Energy Insights

CER rapid rise & market stability challenges

Written by Rose Mary Petrass | Oct 1, 2025 12:18:15 AM

The Australian Energy Regulator’s (AER) State of the Energy Market 2025 offers a rigorous snapshot of a system in structural transition: fast-rising distributed energy, evolving wholesale price dynamics, and a growing need to coordinate investment in generation, storage and transmission. 

Consumer energy at the core

A defining message is the scale and system impact of distributed energy resources (DER). By the end of 2024, renewable technologies including rooftop solar, solar farms, wind, hydro and batteries made up 60% of the National Electricity Market’s generation capacity and contributed 39% of generation output, with new records for rooftop solar output (up 13% to around 23 GW) and home battery installations (a 62% increase compared to the year prior).

“In 2024, over 5 gigawatts of new solar, wind, battery and gas capacity entered the National Electricity Market (NEM) – the largest annual new entry of capacity since the NEM began in 1998,” AER Chair Clare Savage said, adding that this represents “a significant increase over the past decade.”

Within that shift, rooftop solar’s contribution is now unmistakable: rooftop PV supplied around 14.7% of total NEM generation in Q1 2025 – exceeding utility-scale solar (9.3%), wind power (13.7%), hydro (4.9%) and gas (3.5%) – underscoring how daytime demand is increasingly met by behind-the-meter resources. 

Energy retailers are responding to the rapid evolution of the nation’s energy system. 

"Australia’s energy system is shifting faster than most people realise,” commented Christopher Thompson, Co-founder and Co-CEO of Amber Electric. “Consumer energy resources are no longer a side story – they’re becoming central to how the grid works.”

Midday power is often free or negative as rooftop solar surges, while evening prices above $300/MWh are rising. With 62% growth in home batteries in 2024 and 50,000 more installed within weeks of the Federal Government’s new Cheaper Home Batteries Program, consumer energy is now central to grid stability and pricing.

The Australian Energy Market Operator (AEMO) CEO Daniel Westerman said the data shows a “healthy outlook”.

The consumer lens: Affordability and equity

Even as DER reshapes operational patterns, affordability risks have intensified. The AER reports a rise in the number and share of residential customers with energy debt, and higher average debt, prompting a renewed focus on payment-difficulty protections and the Energy and Climate Change Ministerial Council ’s Better Energy Customer Experiences program. 

Energy Consumers Australia (ECA) said it is critical to improve network efficiency to reduce network costs.

“Prices above $300 per megawatt hour (MWh) have increased significantly since 2020,” ESA said, “which has flow-on pricing impacts for consumers. This underscores the need for reform of the Market Price Settings, particularly the Market Price Cap.”

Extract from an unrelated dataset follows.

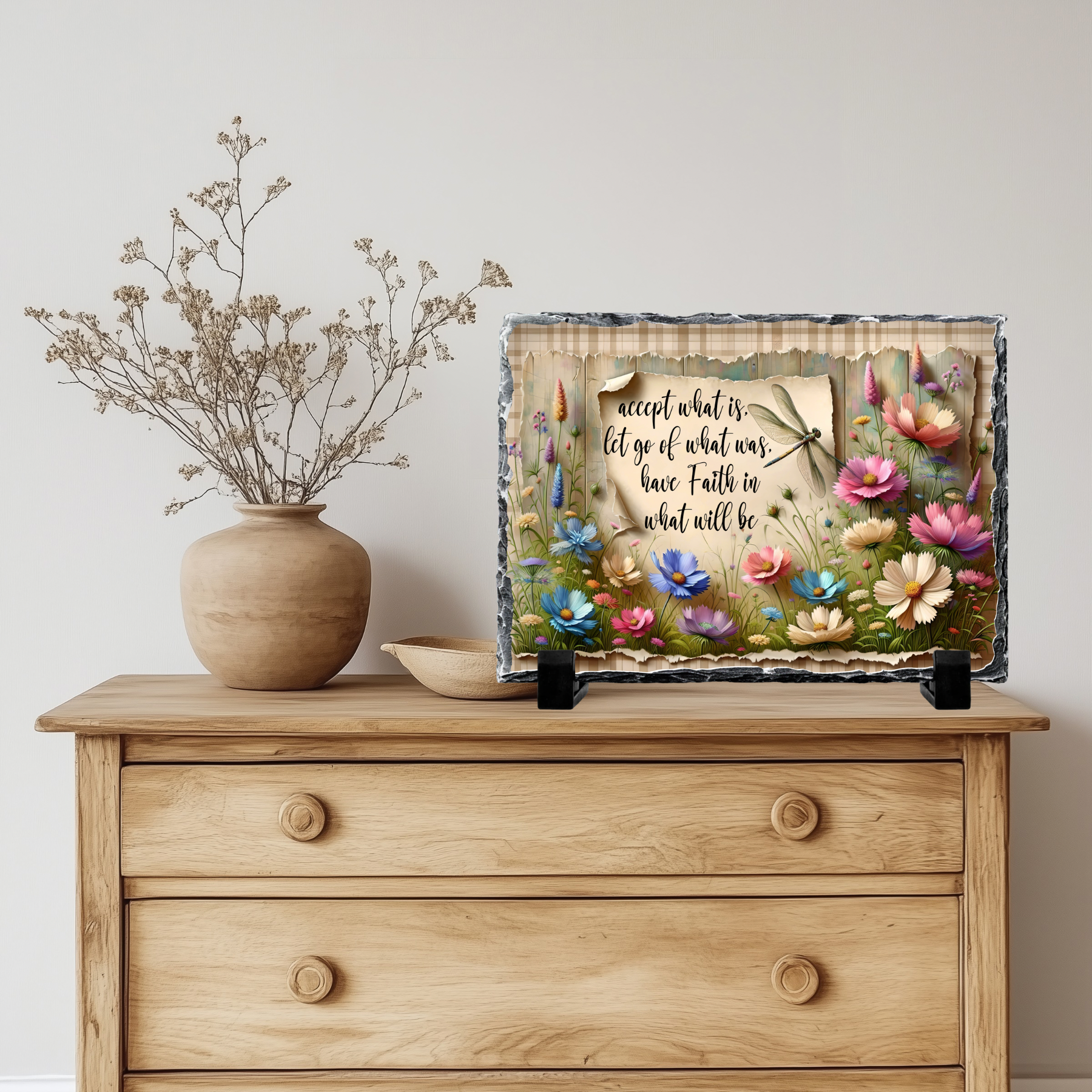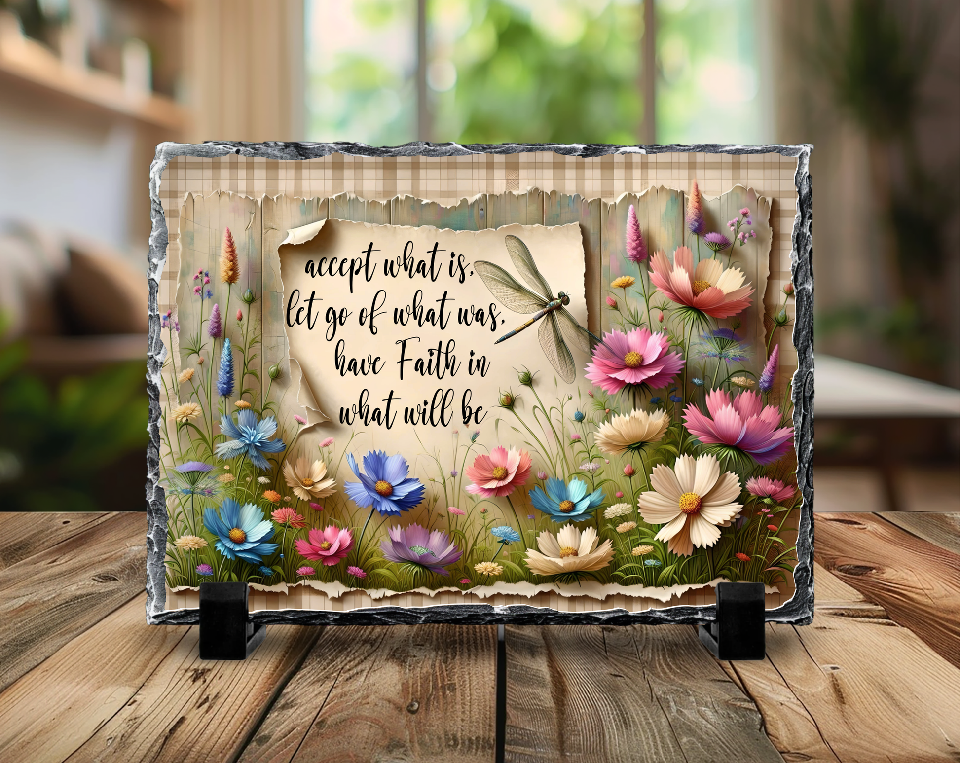 Transform your space with this enchanting slate rock sign featuring an uplifting message surrounded by a garden of vibrant wildflowers and a delicate dragonfly. Measuring 5.5" x 7.5", this natural slate piece displays the inspiring words 'accept what is, let go of what was, have Faith in what will be' in elegant script. The artwork showcases a beautiful array of cosmos flowers in pink, blue, and white hues, creating a dreamy meadow scene. The weathered, torn-paper effect adds vintage charm, while the dragonfly brings a touch of whimsy. Each piece comes complete with display stands, making it perfect for mantels, shelves, or desk displays. The durable natural slate construction ensures lasting beauty, while the artistic design makes it an ideal gift for those seeking daily inspiration. This decorative sign seamlessly blends rustic charm with contemporary style, making it a meaningful addition to any room's decor.

The AER attributes record negative-price intervals in 2024 to high renewable output (especially wind) and highlights separate periods of low generation and outages that drove high-price events – a volatility profile consistent with ECA’s own concerns about consumer exposure.

Investment outlook: Reliability hinges on delivery

The AER’s system narrative dovetails with AEMO’s 2025 Electricity Statement of Opportunities – a 10-year reliability outlook that is “healthy” if projects are delivered on time and in full. AEMO reports a record 4.4 GW commissioned in FY25 and expects 5.2–10.1 GW per year over the next five years, helping replace roughly 11 GW of notified coal retirements.

Daniel Westerman puts it plainly: “The 10-year investment pipeline to manage energy reliability is healthy… [but] timely delivery of new generation, storage and transmission, along with the operation of consumer energy resources, remain critical.”  

Key signals from the AER 2025 Report

  • Wholesale shape: Negative midday prices are increasingly common; evening volatility persists – intensifying the value of flexible demand and storage.
  • Consumer dominance: Rooftop PV’s 14.7% share of Q1 2025 NEM generation underscores that households are now structurally material to dispatch and planning.
  • Rising energy debt: More households in arrears, with higher average debts – necessitating stronger protections.
  • Delivery risk: Reliability outcomes depend on sustaining 5.2–10.1 GW/yr of new build to replace retiring coal and meet demand growth. 

Implications for the sector

  • Networks: Prioritise efficiency and DER integration measures that support least-cost outcomes and mitigate volatility impacts on consumers. 
  • Retailers: Product design should reward daytime shifting and evening protection (batteries/EVs), reflecting the observed price shape.
  • Investors and developers: The pace of commissioning is now the binding constraint; schedule slippage risks eroding the improved reliability outlook.
  • Policymakers: Continue reforms on payment-difficulty protections and consider market price settings in light of the evolving price distribution.